====== Data block
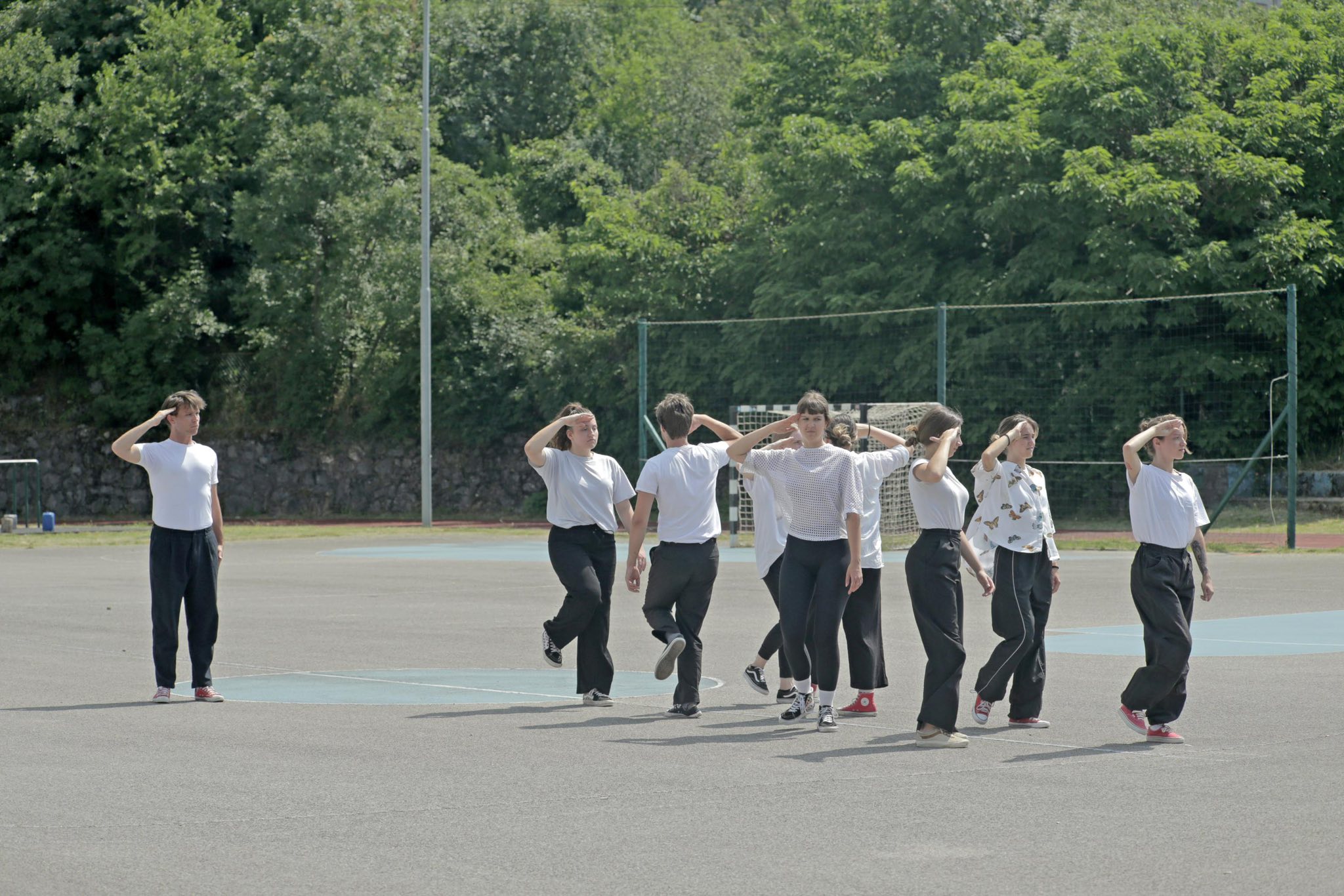 Blic Sunce je zašlo taman toliko da igralište ostane osvijetljeno, a glumice i glumci mogu gledati jedni druge potpuno otvorenih očiju. Stajali su okrenuti jedni prema drugima, iako na različitim, desecima metara udaljenim dijelovima terena. Na sebi su imali bijele majice na čijim su se prednjim stranama nazirale fotografije njih kao djece, dok je pogled na leđa odavao kako osoba lako može postati i samo broj.
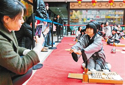 孩子們?cè)诟改傅膸ьI(lǐng)下體驗(yàn)中國(guó)傳統(tǒng)文化。 (資料圖片 首席記者 李明 攝)
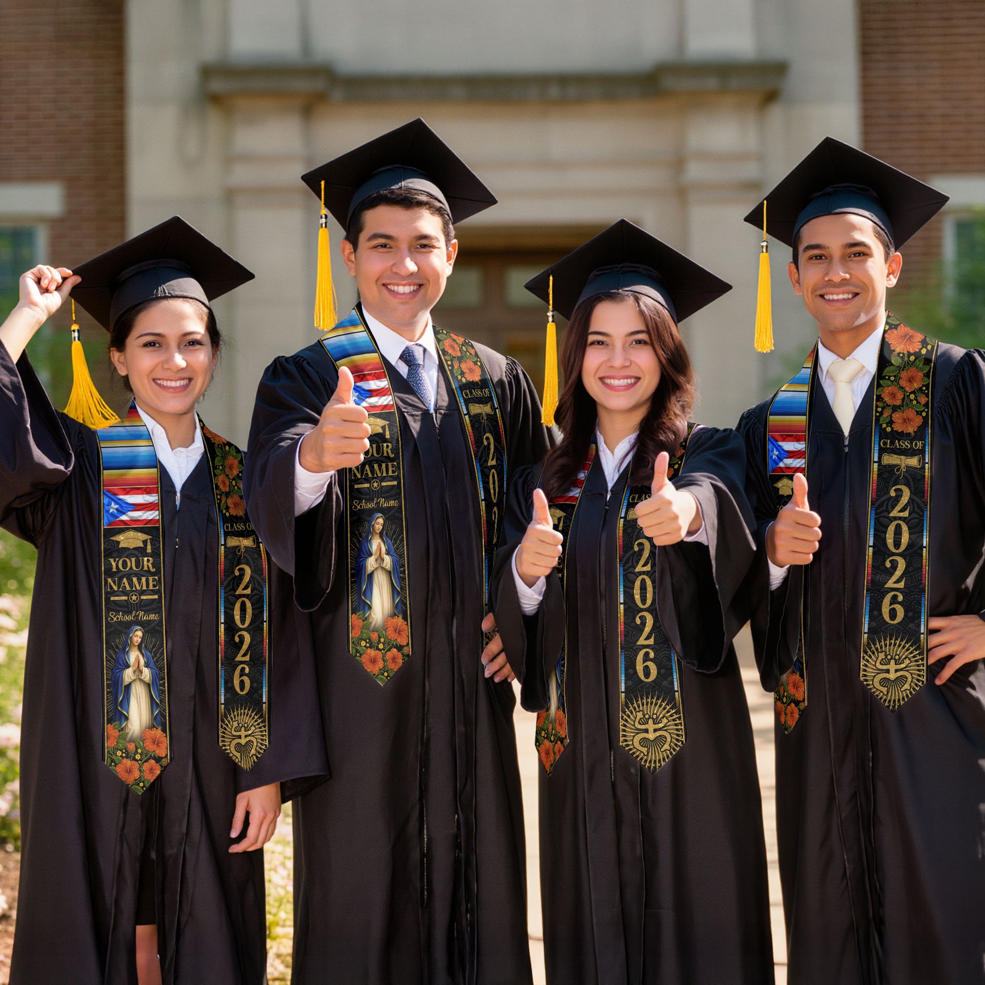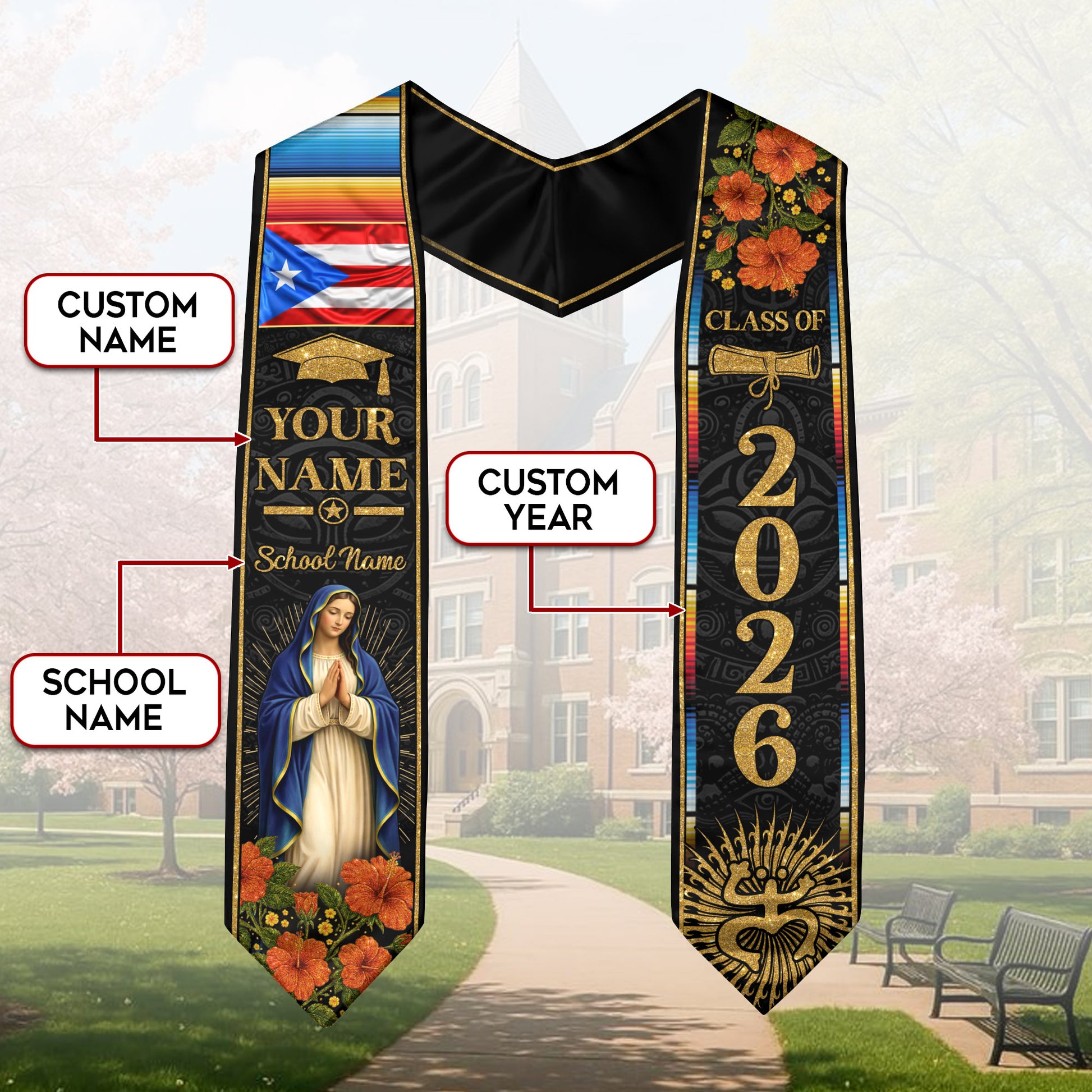Custom Puerto Rico Graduation Stole Class of 2026, Personalized Name & School Sash
============
Work required - What you return must match the data above exactly, with no images included.

Exercise output -
 Blic Sunce je zašlo taman toliko da igralište ostane osvijetljeno, a glumice i glumci mogu gledati jedni druge potpuno otvorenih očiju. Stajali su okrenuti jedni prema drugima, iako na različitim, desecima metara udaljenim dijelovima terena. Na sebi su imali bijele majice na čijim su se prednjim stranama nazirale fotografije njih kao djece, dok je pogled na leđa odavao kako osoba lako može postati i samo broj.
 孩子們?cè)诟改傅膸ьI(lǐng)下體驗(yàn)中國(guó)傳統(tǒng)文化。 (資料圖片 首席記者 李明 攝)
Custom Puerto Rico Graduation Stole Class of 2026, Personalized Name & School Sash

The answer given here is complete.